DriftKindSchemaColumnNullabilityThe column exists but NULL/NOT NULL does not match.

Supported on SQLite, PostgreSQL, MySQL, MSSQL and Oracle (the MSSQL/Oracle implementations landed alongside the build-tagged drivers; see ADR-009 and its addendum). On any engine without a backend implementation the call returns ErrSchemaDriftUnsupported.

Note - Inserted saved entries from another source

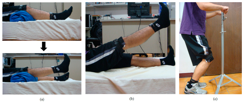 The wearing position of the sensor is a key factor in angle calculation. The sensors are all set at fixed positions in our experimental design, but there must be some deviation in the sensor position. We have performed 40 repetitions of SLR with two different positions of the thigh sensor. One is on anterior surface of the thigh, the same as in our experimental design, and the other is on the lateral surface of the thigh. The differences between the average angles in two different settings were 1.3° for raising angle, 1.0° for joint angle, and 7.6° for external rotation angle. The difference of external rotation angle is larger than others, so it shows that the position of the sensor really has an impact on the angle calculation.
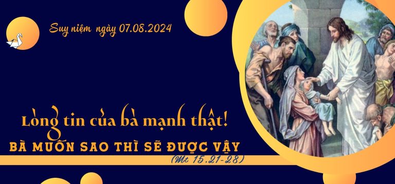 Lạy Chúa Giêsu, tình yêu và lòng thương xót của Chúa không bờ bến. Chớ gì con luôn luôn tin tưởng và chạy đến Chúa với sự kiên trì bất khuất như người đàn bà ngoại giáo đã làm. Xin gia tăng lòng tin của con trong sức mạnh giải thoát của Chúa, và xin cứu con thoát khỏi mọi sự dữ và hiểm nguy.
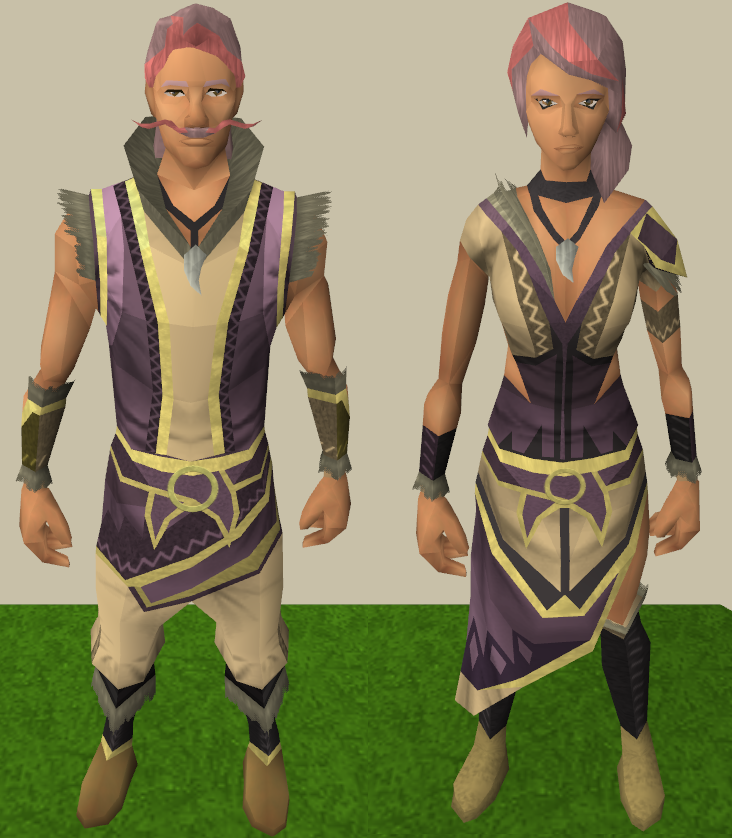 Players are generally not restricted on the clothes or armour they can wear based on their gender. For example, both male and female player characters may wear plateskirts, platelegs, and skirts.

nucleus migrate drift exposes this check from the CLI; pipe to --json for machine-readable output suitable for CI.

Querying

pkg/db exposes the underlying *sql.DB plus thin helpers. There is no custom query builder:

rows, err := a.DB.Query(ctx,
`SELECT id, title FROM articles WHERE author_id = ? ORDER BY id DESC`,
authorID)
if err != nil {
return err
}
defer rows.Close()

For repository-style code, pkg/db ships Scan/ScanAll helpers and a Tx wrapper that propagates context and panics safely.

Multi-tenant queries

When multitenant.enabled: true is set, App.DatabaseForRequest(r) resolves the database — and the tenant scope — for the current request. The admin panel auto-filters by tenant; for application code, you scope queries explicitly:

tdb := a.DatabaseForRequest(r)
tenantID := app.TenantFromContext(r.Context())
sqlDB, _ := tdb.SqlDB()
rows, _ := sqlDB.QueryContext(ctx, `SELECT * FROM articles WHERE tenant_id = ?`, tenantID)

Health and telemetry

pkg/db registers health checks and emits OpenTelemetry spans for every query when OTel is enabled. The admin panel surfaces the connection pool, the migration plan and the latest health status under /admin/system.